* Required action *
Every line below between the line holding "Reč je o delu" and the line holding "Есть 3 модели", inclusive, should be repeated exactly, and all other lines omitted.

* Entries supplied *
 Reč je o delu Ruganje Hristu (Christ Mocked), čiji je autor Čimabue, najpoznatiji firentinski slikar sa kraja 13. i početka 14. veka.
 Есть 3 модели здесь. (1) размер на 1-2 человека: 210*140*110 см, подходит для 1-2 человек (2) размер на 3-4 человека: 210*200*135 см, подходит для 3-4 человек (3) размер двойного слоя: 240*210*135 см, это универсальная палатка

* * *

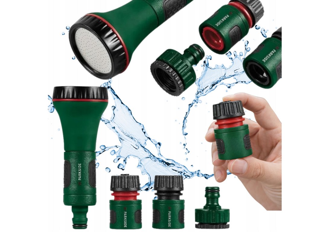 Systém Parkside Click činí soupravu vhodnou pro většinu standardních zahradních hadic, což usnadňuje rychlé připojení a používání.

...

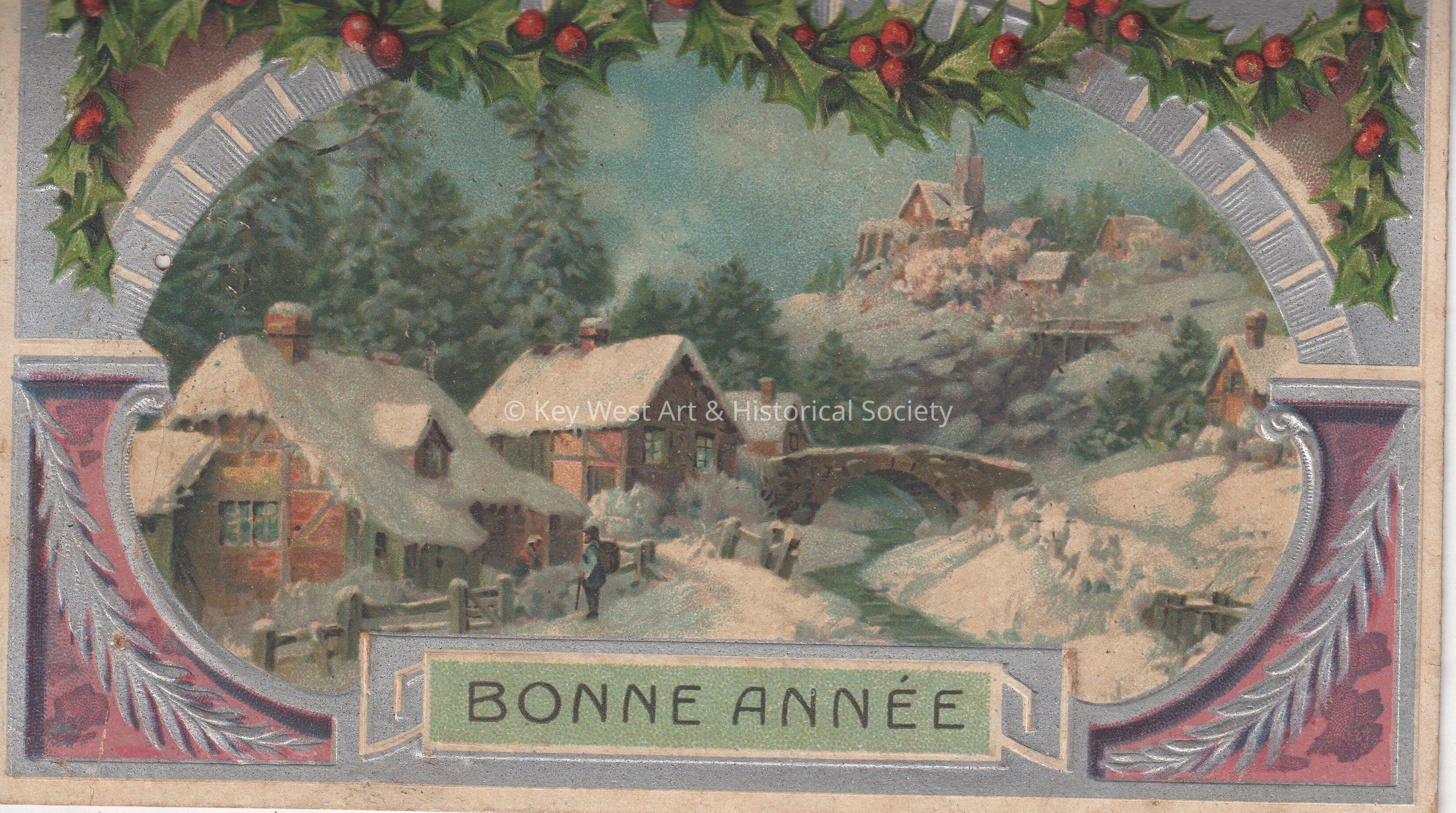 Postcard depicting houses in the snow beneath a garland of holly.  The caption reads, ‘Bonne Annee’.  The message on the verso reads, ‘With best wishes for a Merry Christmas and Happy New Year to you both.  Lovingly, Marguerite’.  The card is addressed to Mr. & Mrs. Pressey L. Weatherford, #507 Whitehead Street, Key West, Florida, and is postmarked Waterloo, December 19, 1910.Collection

* Task result *
 Reč je o delu Ruganje Hristu (Christ Mocked), čiji je autor Čimabue, najpoznatiji firentinski slikar sa kraja 13. i početka 14. veka.
 Есть 3 модели здесь. (1) размер на 1-2 человека: 210*140*110 см, подходит для 1-2 человек (2) размер на 3-4 человека: 210*200*135 см, подходит для 3-4 человек (3) размер двойного слоя: 240*210*135 см, это универсальная палатка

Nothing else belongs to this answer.